TASK BRIEF:
What you return must match the listing below exactly, minus any pictures.

GIVEN MATERIAL:
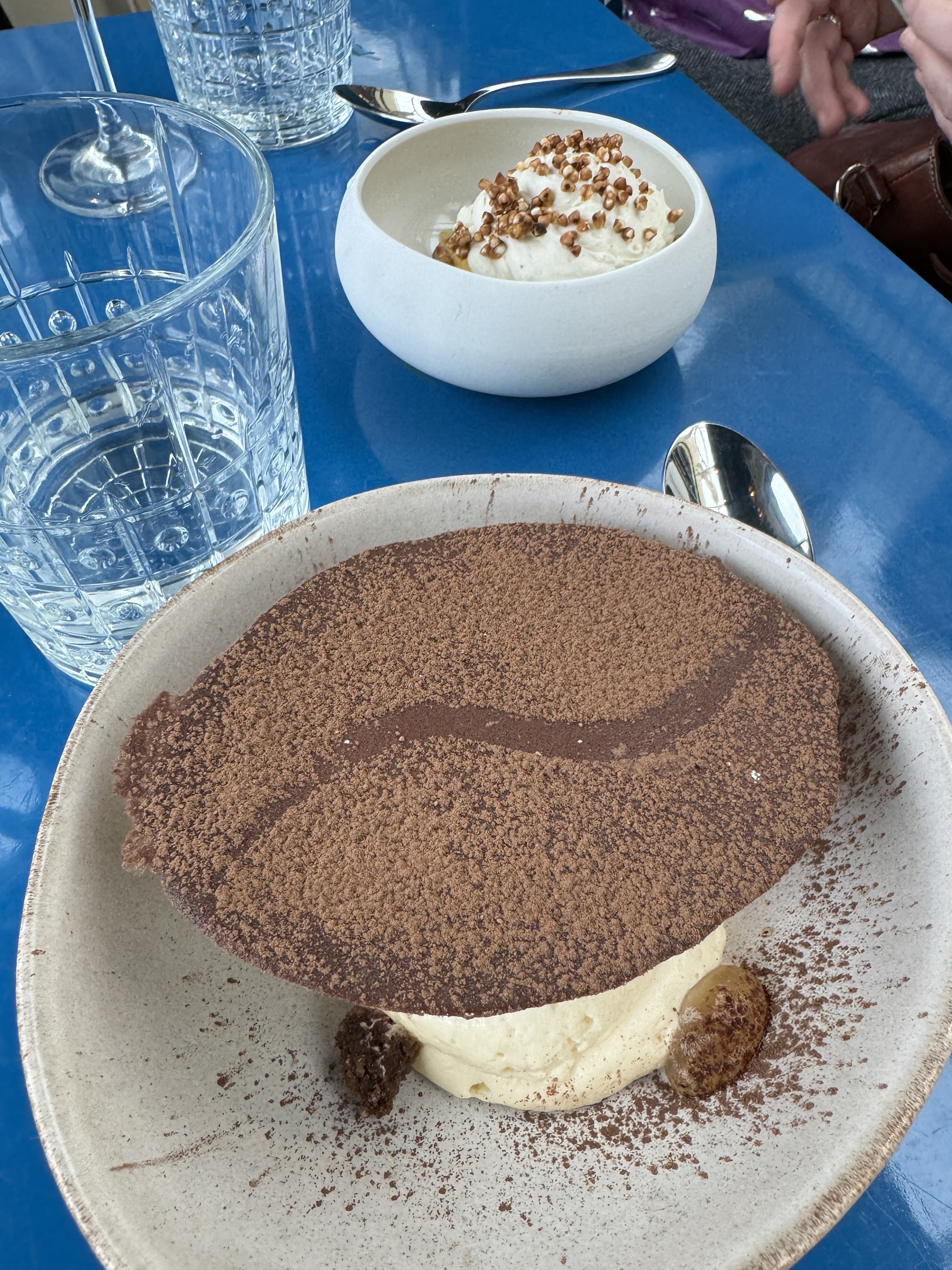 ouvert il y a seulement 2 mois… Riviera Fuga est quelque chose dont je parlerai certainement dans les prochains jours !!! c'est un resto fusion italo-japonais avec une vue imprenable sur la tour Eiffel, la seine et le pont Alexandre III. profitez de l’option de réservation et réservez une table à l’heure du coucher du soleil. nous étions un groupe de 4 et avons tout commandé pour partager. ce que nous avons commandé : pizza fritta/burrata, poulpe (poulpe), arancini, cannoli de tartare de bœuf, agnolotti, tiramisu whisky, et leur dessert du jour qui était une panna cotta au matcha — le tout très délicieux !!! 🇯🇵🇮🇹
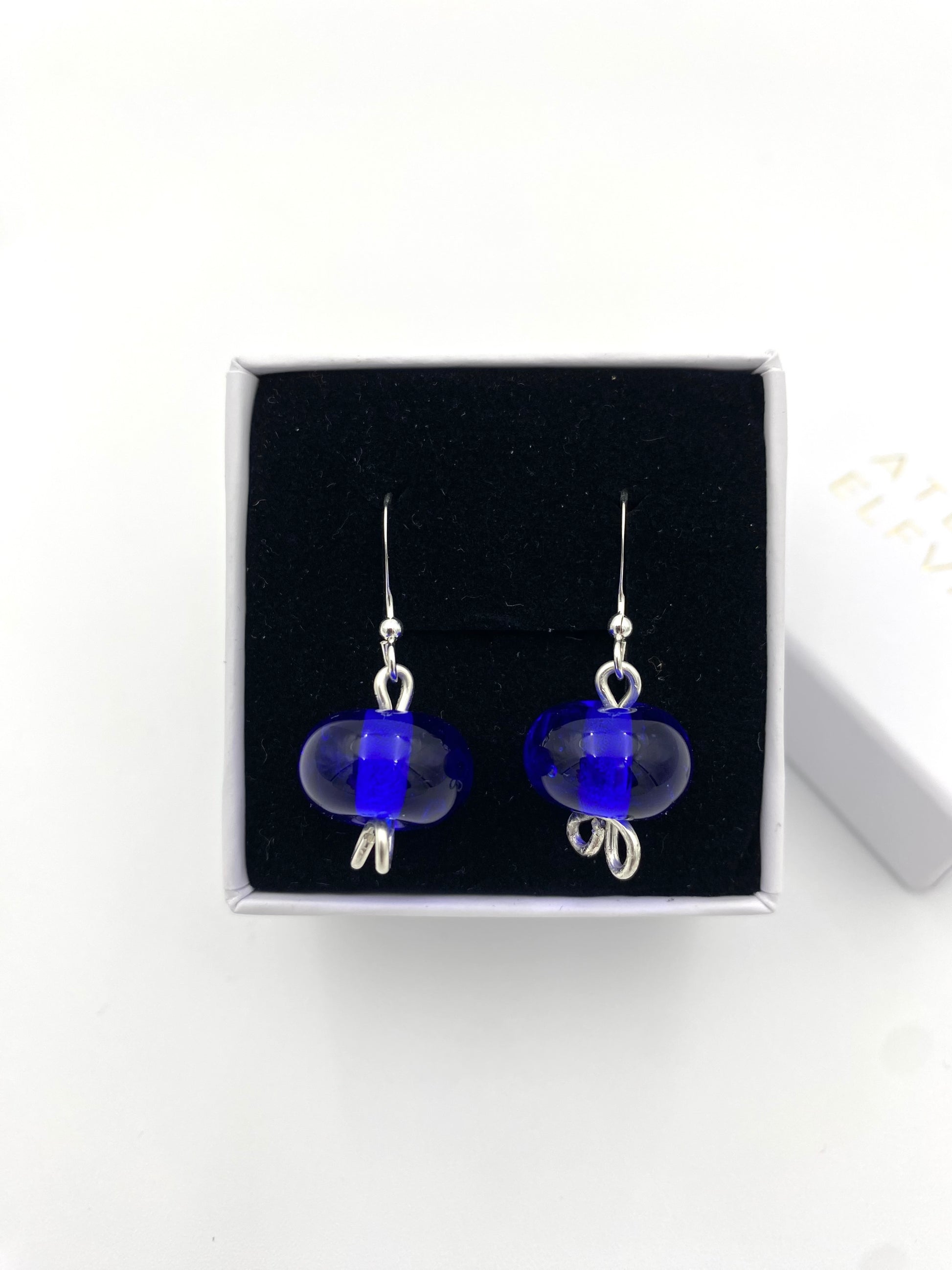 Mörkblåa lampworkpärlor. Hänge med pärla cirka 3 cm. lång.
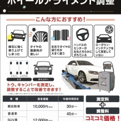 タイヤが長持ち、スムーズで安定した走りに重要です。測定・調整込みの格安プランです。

RESULT OF THE EXERCISE:
 ouvert il y a seulement 2 mois… Riviera Fuga est quelque chose dont je parlerai certainement dans les prochains jours !!! c'est un resto fusion italo-japonais avec une vue imprenable sur la tour Eiffel, la seine et le pont Alexandre III. profitez de l’option de réservation et réservez une table à l’heure du coucher du soleil. nous étions un groupe de 4 et avons tout commandé pour partager. ce que nous avons commandé : pizza fritta/burrata, poulpe (poulpe), arancini, cannoli de tartare de bœuf, agnolotti, tiramisu whisky, et leur dessert du jour qui était une panna cotta au matcha — le tout très délicieux !!! 🇯🇵🇮🇹
 Mörkblåa lampworkpärlor. Hänge med pärla cirka 3 cm. lång.
 タイヤが長持ち、スムーズで安定した走りに重要です。測定・調整込みの格安プランです。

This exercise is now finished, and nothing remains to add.